Your job is to give again, exactly and with no additions, the lines in the records below from the one with "Dove Men+Care Gift" through the one with "近期,品斛堂凭借其在石斛全产", both included. Omit the pictures.

+++ Material shown

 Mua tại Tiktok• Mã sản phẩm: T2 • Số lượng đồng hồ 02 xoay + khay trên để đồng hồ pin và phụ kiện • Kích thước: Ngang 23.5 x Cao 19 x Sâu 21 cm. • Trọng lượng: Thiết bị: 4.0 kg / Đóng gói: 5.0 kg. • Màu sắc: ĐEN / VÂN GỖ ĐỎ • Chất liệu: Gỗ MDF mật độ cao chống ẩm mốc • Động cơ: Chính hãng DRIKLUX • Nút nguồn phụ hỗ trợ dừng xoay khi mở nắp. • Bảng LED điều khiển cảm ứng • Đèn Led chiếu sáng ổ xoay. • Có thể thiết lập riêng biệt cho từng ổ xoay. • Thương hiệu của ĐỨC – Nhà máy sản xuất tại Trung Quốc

++++++
+++ Material shown

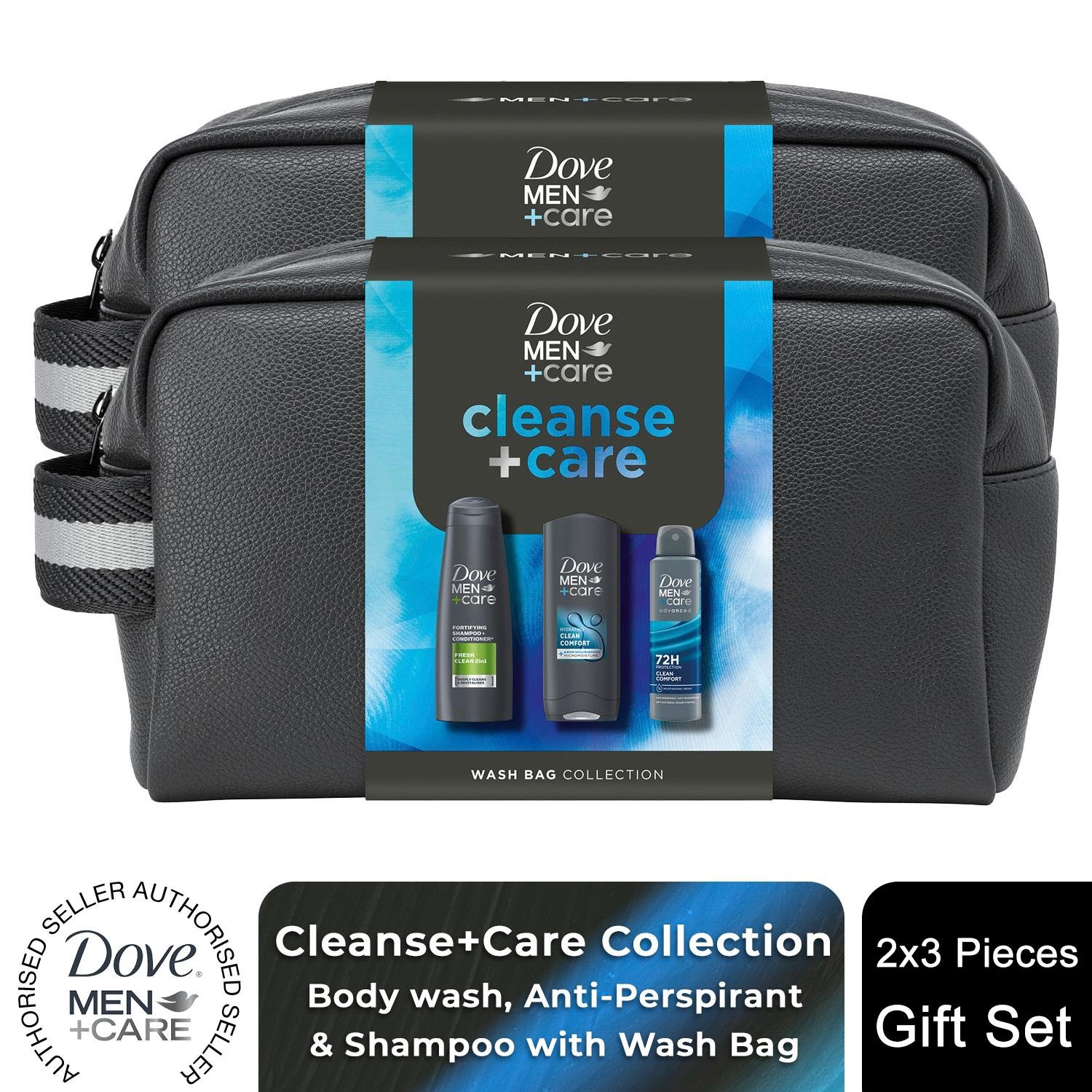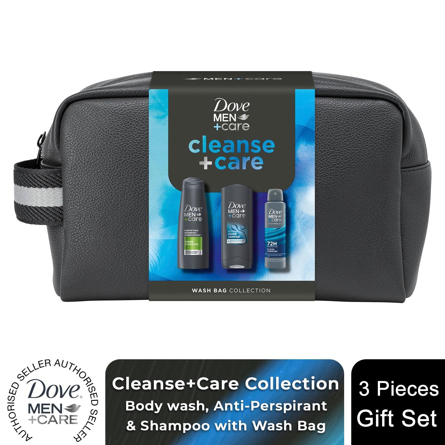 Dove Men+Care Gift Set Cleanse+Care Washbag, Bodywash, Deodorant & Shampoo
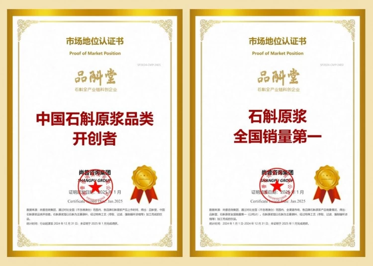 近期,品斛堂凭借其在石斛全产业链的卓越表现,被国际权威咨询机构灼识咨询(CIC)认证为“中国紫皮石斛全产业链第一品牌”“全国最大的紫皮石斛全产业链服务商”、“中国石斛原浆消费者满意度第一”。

++++++

▶ [Output of the exercise]:
 Dove Men+Care Gift Set Cleanse+Care Washbag, Bodywash, Deodorant & Shampoo
 近期,品斛堂凭借其在石斛全产业链的卓越表现,被国际权威咨询机构灼识咨询(CIC)认证为“中国紫皮石斛全产业链第一品牌”“全国最大的紫皮石斛全产业链服务商”、“中国石斛原浆消费者满意度第一”。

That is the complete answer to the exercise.